* _What the exercise asks_
Every line below must be copied as written, except for pictures.

* _Data records_
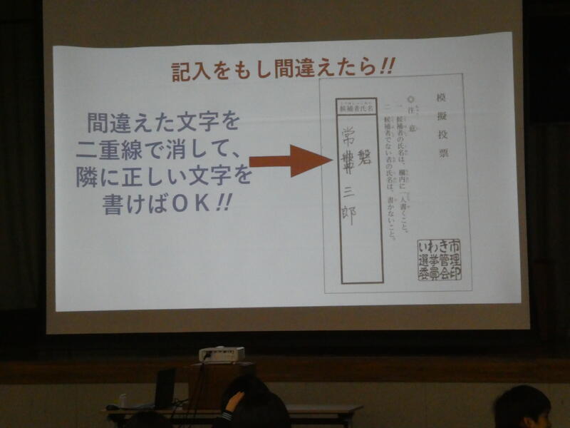 3年生は近い将来,有権者として選挙に関わることになります。そこで模擬選挙をとおして選挙への理解を深めていました。いわき市選挙管理委員会の皆様ありがとうございました。
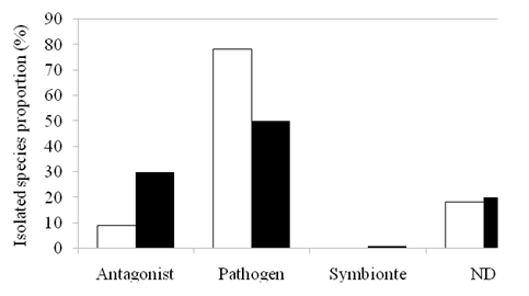 Classification was made according to the general habits of each isolated endophytic fungus (symbiont, antagonist or pathogen). Figure 1 indicates that the endophytic fungi more common associated, during two seasons,are those classified as pathogens. Antagonists are in second place and were more abundant in autumn than in winter. The only one symbioticfungy was isolated from orchid roots collected in autumn.
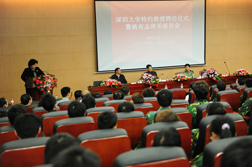 11月28日晚上,深圳大學特約教授聘任儀式暨姚有志將軍報告會在我校南圖書館一樓報告廳舉行。中國軍事科學院戰略研究部部長姚有志少將,深圳市委常委、深圳市警備區政治委員、黨委書記王小毛大校,我校黨委書記江潭瑜、黨委副書記陶一桃和相關部室負責人以及兩百多名深大師生參加報告會。
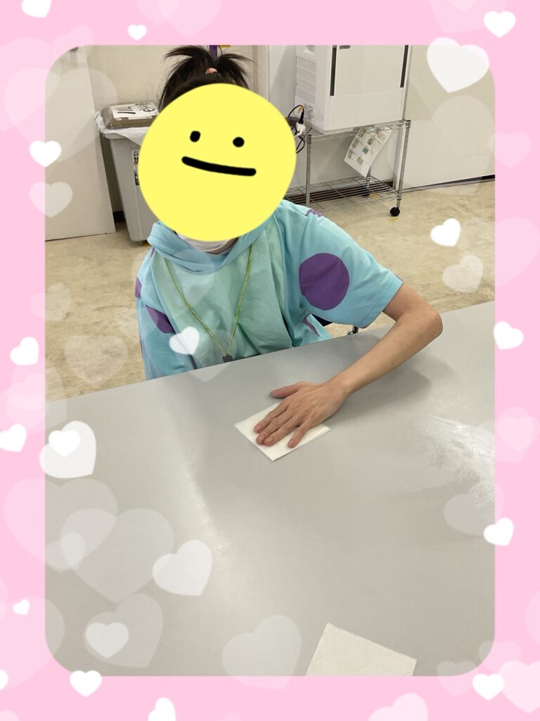 テーブルを拭く作業をしました。
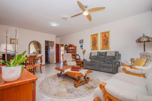 The generous open-plan lounge and dining room area create a warm
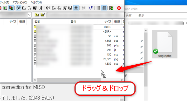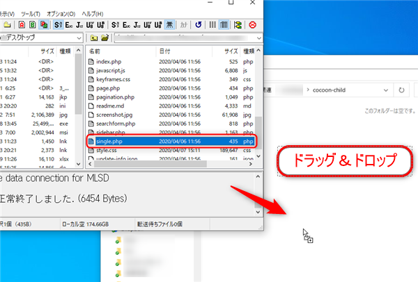 サーバー上からPCにダウンロードしたい場合は、FFFTPとPCのエクスプローラーを開いてドラッグ&ドロップでダウンロードできます。
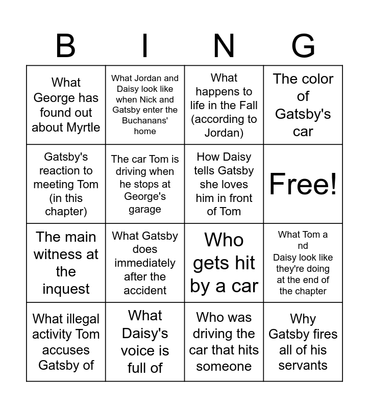 This bingo card has 17 words: Who was driving the car that hits someone, What illegal activity Tom accuses Gatsby of, What happens to life in the Fall (according to Jordan), What George has found out about Myrtle, What Gatsby does immediately after the accident, The color of Gatsby's car, What Tom and Daisy look like they're doing at the end of the chapter, How Daisy tells Gatsby she loves him in front of Tom, Free!, The car Tom is driving when he stops at George's garage, What Daisy's voice is full of, Who gets hit by a car, Gatsby's reaction to meeting Tom (in this chapter), What Jordan and Daisy look like when Nick and Gatsby enter the Buchanans' home, The main witness at the inquest, Why Tom lets Daisy leave with Gatsby from the hotel and Why Gatsby fires all of his servants.
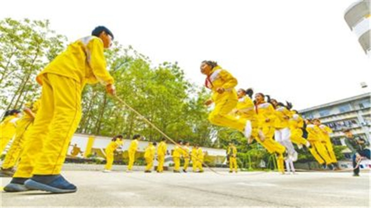 在江西赣州天竺山小学延时课堂上,老师正在指导学生进行体育活动。胡江涛摄(影像中国)
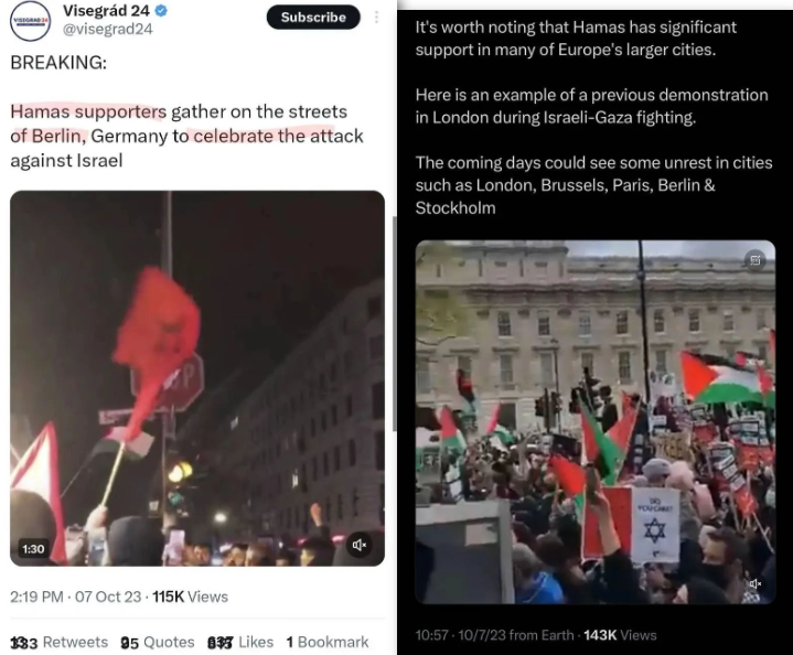 这种“大爱”还表现在,现在伦敦、柏林、布鲁塞尔、巴黎等欧洲大城市街头,任由支持哈马斯的人群摇旗呐喊,庆贺恐怖袭击。这种现象说来话长了,跟欧洲左翼的难民政策和绥靖的国际观,都是种瓜得瓜种豆得豆的关系。美国本土一样有类似,表现形式只能在电报上说说了。
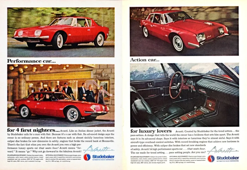 Разработанный всего за 40 дней командой под руководством Реймонда Лоуи, Studebaker Avanti был роскошным, быстрым, технически продвинутым и красивым. К сожалению, производство кузова из стекловолокна оказалось проблематичным, и выпуск оказался ограничен.
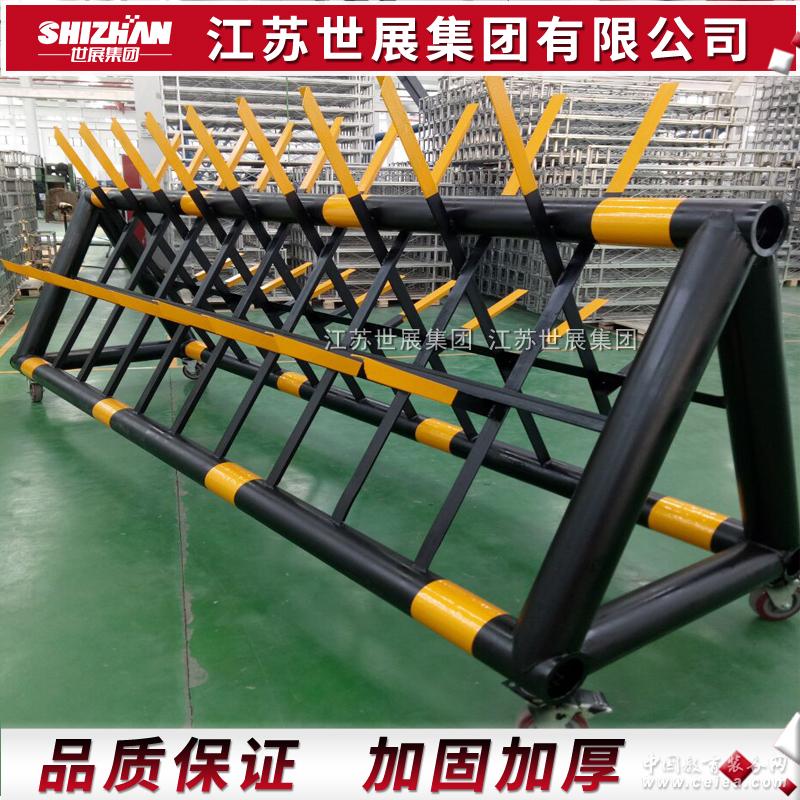 拒馬帶刺高度1.8m,兩刺之間距離1.2m,比如常規(guī)尺寸2米的,外尺寸是:2*1.2*1.8米

* _Exercise result_
 3年生は近い将来,有権者として選挙に関わることになります。そこで模擬選挙をとおして選挙への理解を深めていました。いわき市選挙管理委員会の皆様ありがとうございました。
 Classification was made according to the general habits of each isolated endophytic fungus (symbiont, antagonist or pathogen). Figure 1 indicates that the endophytic fungi more common associated, during two seasons,are those classified as pathogens. Antagonists are in second place and were more abundant in autumn than in winter. The only one symbioticfungy was isolated from orchid roots collected in autumn.
 11月28日晚上,深圳大學特約教授聘任儀式暨姚有志將軍報告會在我校南圖書館一樓報告廳舉行。中國軍事科學院戰略研究部部長姚有志少將,深圳市委常委、深圳市警備區政治委員、黨委書記王小毛大校,我校黨委書記江潭瑜、黨委副書記陶一桃和相關部室負責人以及兩百多名深大師生參加報告會。
 テーブルを拭く作業をしました。
 The generous open-plan lounge and dining room area create a warm
 サーバー上からPCにダウンロードしたい場合は、FFFTPとPCのエクスプローラーを開いてドラッグ&ドロップでダウンロードできます。
 This bingo card has 17 words: Who was driving the car that hits someone, What illegal activity Tom accuses Gatsby of, What happens to life in the Fall (according to Jordan), What George has found out about Myrtle, What Gatsby does immediately after the accident, The color of Gatsby's car, What Tom and Daisy look like they're doing at the end of the chapter, How Daisy tells Gatsby she loves him in front of Tom, Free!, The car Tom is driving when he stops at George's garage, What Daisy's voice is full of, Who gets hit by a car, Gatsby's reaction to meeting Tom (in this chapter), What Jordan and Daisy look like when Nick and Gatsby enter the Buchanans' home, The main witness at the inquest, Why Tom lets Daisy leave with Gatsby from the hotel and Why Gatsby fires all of his servants.
 在江西赣州天竺山小学延时课堂上,老师正在指导学生进行体育活动。胡江涛摄(影像中国)
 这种“大爱”还表现在,现在伦敦、柏林、布鲁塞尔、巴黎等欧洲大城市街头,任由支持哈马斯的人群摇旗呐喊,庆贺恐怖袭击。这种现象说来话长了,跟欧洲左翼的难民政策和绥靖的国际观,都是种瓜得瓜种豆得豆的关系。美国本土一样有类似,表现形式只能在电报上说说了。
 Разработанный всего за 40 дней командой под руководством Реймонда Лоуи, Studebaker Avanti был роскошным, быстрым, технически продвинутым и красивым. К сожалению, производство кузова из стекловолокна оказалось проблематичным, и выпуск оказался ограничен.
 拒馬帶刺高度1.8m,兩刺之間距離1.2m,比如常規(guī)尺寸2米的,外尺寸是:2*1.2*1.8米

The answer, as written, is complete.